Die Monte-Baldo-Segge kommt in der Schweiz in der subalpin(-alpin) Höhenstufe in Höhenlagen von 2000 bis 2400 Metern, in Österreich von 800 bis 1500 Metern, in Italien auch kollin bis montan beispielsweise am Comersee ab etwa 70 Metern vor. Die Monte-Baldo-Segge besiedelt sonnige, wasserdurchlässige Steinrasen mit geringer Schneebedeckung und früher Schneeschmelze ab etwa Mai auf Kalk- und Dolomitschutt steiniger, trockener Abhänge und Weiden sowie offene lockerrasige, heidekrautreiche Berg-Kiefernwälder und Legföhrengebüsche. Besonders gesellig ist sie im Waldgrenzbereich zu finden. Carex baldensis ist eine Kennart der Pflanzengesellschaft des Blaugras-Horstseggen-Rasens (Seslerio-Caricetum sempervirentis), kommt aber auch im Erika-Bergföhrenwald (Erico-Pinetum montanae) und in Flaumeichenwäldern (Quercion pubescenti-petraeae) vor. Ihr Schwerpunkt liegt auf trockenen bis mäßig frischen, kalkreichen, humosen, stickstoffarmen bis -ärmsten Steinböden (Dolomit). Sie kommt in Höhenlagen zwischen 70 und 2400 Metern vor.[2]

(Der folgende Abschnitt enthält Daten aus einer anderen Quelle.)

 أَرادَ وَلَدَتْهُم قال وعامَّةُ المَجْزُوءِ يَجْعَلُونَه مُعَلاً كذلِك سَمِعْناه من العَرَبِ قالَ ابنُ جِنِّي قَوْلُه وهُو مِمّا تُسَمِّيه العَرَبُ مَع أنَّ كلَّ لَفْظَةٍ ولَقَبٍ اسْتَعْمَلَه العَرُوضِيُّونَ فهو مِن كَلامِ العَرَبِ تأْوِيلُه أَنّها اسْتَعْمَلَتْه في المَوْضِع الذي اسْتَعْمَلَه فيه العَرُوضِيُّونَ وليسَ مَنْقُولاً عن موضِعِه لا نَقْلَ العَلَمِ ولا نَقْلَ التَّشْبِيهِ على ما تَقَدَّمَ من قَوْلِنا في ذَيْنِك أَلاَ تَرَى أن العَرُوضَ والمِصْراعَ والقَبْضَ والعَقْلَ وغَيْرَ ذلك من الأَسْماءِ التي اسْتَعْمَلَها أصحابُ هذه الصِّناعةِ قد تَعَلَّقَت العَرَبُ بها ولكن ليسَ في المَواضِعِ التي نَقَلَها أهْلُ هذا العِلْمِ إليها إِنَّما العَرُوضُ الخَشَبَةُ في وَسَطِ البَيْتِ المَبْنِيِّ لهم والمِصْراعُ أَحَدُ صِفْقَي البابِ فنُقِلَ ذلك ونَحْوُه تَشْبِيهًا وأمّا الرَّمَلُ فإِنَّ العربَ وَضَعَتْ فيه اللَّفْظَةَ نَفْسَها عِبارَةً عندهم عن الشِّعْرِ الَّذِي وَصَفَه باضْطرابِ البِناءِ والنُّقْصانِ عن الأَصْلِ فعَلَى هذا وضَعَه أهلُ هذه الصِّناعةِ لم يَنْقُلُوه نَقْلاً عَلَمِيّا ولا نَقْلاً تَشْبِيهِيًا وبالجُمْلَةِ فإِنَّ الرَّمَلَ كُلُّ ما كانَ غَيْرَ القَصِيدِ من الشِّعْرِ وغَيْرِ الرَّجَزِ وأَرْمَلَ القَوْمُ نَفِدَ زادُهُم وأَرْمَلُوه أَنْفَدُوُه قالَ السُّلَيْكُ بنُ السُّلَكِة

Die Monte-Baldo-Segge ist eine Halblicht- bis Volllichtpflanze sowie ein Kühlezeiger. Seine ökologischen Zeigerwerte nach Ellenberg sind L (Lichtzahl) = 8, T (Temperaturzahl) = 3, K (Kontinentalitätszahl) = 5, F (Feuchtezahl) = 4, R (Reaktionszahl) = 8, N (Stickstoffzahl) = 3, S (Salzzahl) = 0.[5]

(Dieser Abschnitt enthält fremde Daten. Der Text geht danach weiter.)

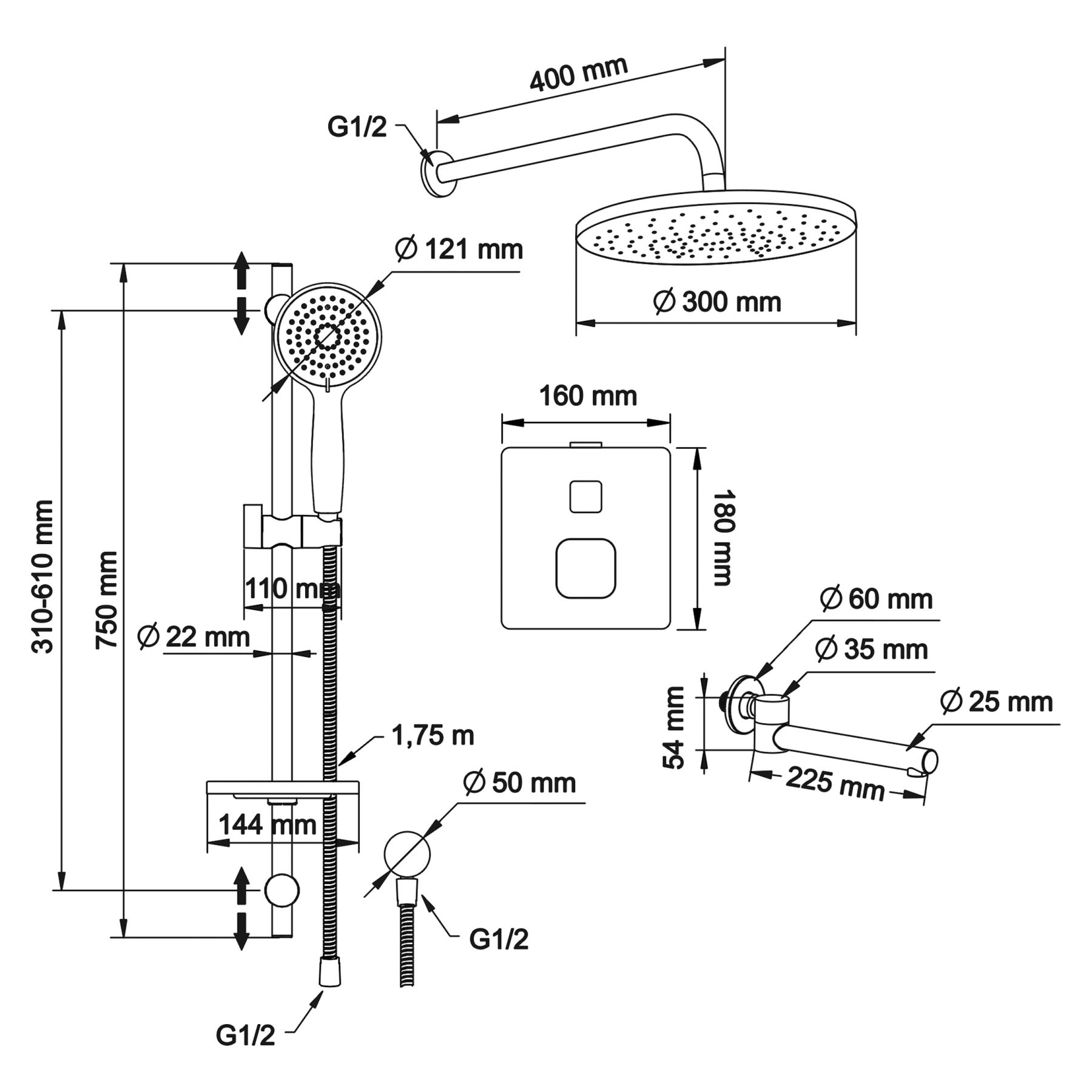 Душевой комплект со встраиваемым термостатическим смесителем на 3 выхода (в монтажном боксе), верхним душем ø300 мм, лейкой ø121 мм (3 режима) и поворотным изливом

Die ökologischen Zeigerwerte nach Landolt et al. 2010 sind in der Schweiz: Feuchtezahl F = 2+ (frisch), Lichtzahl L = 4 (hell), Reaktionszahl R = 5 (basisch), Temperaturzahl T = 2+ (unter-subalpin und ober-montan), Nährstoffzahl N = 2 (nährstoffarm), Kontinentalitätszahl K = 4 (subkontinental).[6]

Gefährdung[Bearbeiten | Quelltext bearbeiten]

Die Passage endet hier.